Y de Willi, que respondía:
—Sí, si fuera necesario lo haría...
Y así durante una hora o más, todo esto mientras los carros de bueyes levantaban el polvo blanco del
veld
arenoso, los trenes corrían balanceándose por la vía que va del Océano Índico a la capital, los granjeros vestidos de caqui tomaban cerveza en el bar, y grupos de africanos en busca de trabajo permanecían a la sombra del árbol de jacarandá, durante horas, esperando con paciencia a que el señor Boothby, el amo, tuviera tiempo para salir a entrevistarles.

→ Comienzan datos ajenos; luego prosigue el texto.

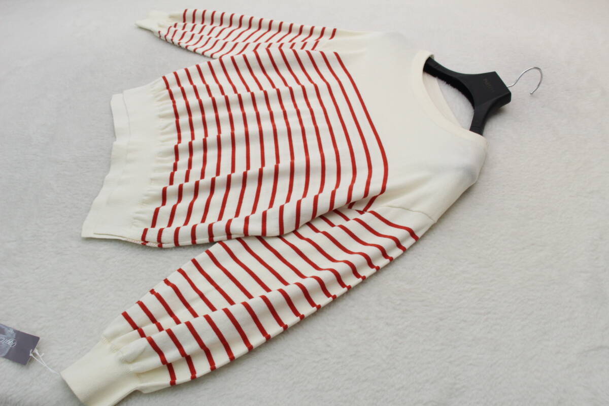 - 1565 新品タグ付き ボーダーコットンニットカットソー 定価¥17,380税込み

¿Y los demás? Paul y Willi juntos, hablando sin parar de historia. Jimmy discutiendo con Paul, generalmente sobre historia, aunque de hecho Jimmy no se cansaba de repetir que Paul era frívolo, frío y sin corazón. Paul y Ted, en cambio, no tenían nada que los uniera, ni se peleaban. Por lo que a mí se refiere, yo hacía el papel de la «chica del líder», el cemento que unía al grupo, un papel realmente tradicional. Claro que si mis relaciones con alguna de estas personas hubiera tenido auténtica profundidad, entonces el afecto habría sido disgregador en lugar de conciliatorio. Estaba, además, Maryrose, que era la belleza inalcanzable. ¿Así que éste era el grupo? ¿Qué lo consolidaba? Yo creo que la aversión implacable y la fascinación mutua entre Paul y Willi, que tanto se parecían y que estaban predestinados a un futuro tan distinto.
Sí. Willi, con su inglés tan correcto y gutural, y Paul, con su elocución tan serena y exquisita... Sus dos voces, hora tras hora, por la noche, en el hotel Gainsborough, son lo que mejor recuerdo del grupo en el período que precedió a nuestro traslado a Mashopi, antes de que todo cambiara.
El hotel Gainsborough era, en realidad, una casa de huéspedes; un lugar en el que la gente pasaba largos períodos. La mayoría de las casas de huéspedes de la ciudad eran antiguas casas privadas, lo que las hacía ciertamente más cómodas, aunque el ambiente no resultaba agradable. Yo pasé una semana en una y la dejé: el contraste entre la crudeza del colonialismo de la ciudad y los remilgos de aquella casa llena de ingleses de clase media, que parecían no haber salido de Inglaterra, me resultaba insufrible. El hotel Gainsborough era una construcción nueva, un lugar feo, grande y que crujía por todas partes. Estaba lleno de refugiados, oficinistas, secretarias y parejas de casados que no habían encontrado casa o piso. Toda la ciudad era un abigarramiento de gente debido a la guerra y al imposible precio de las casas.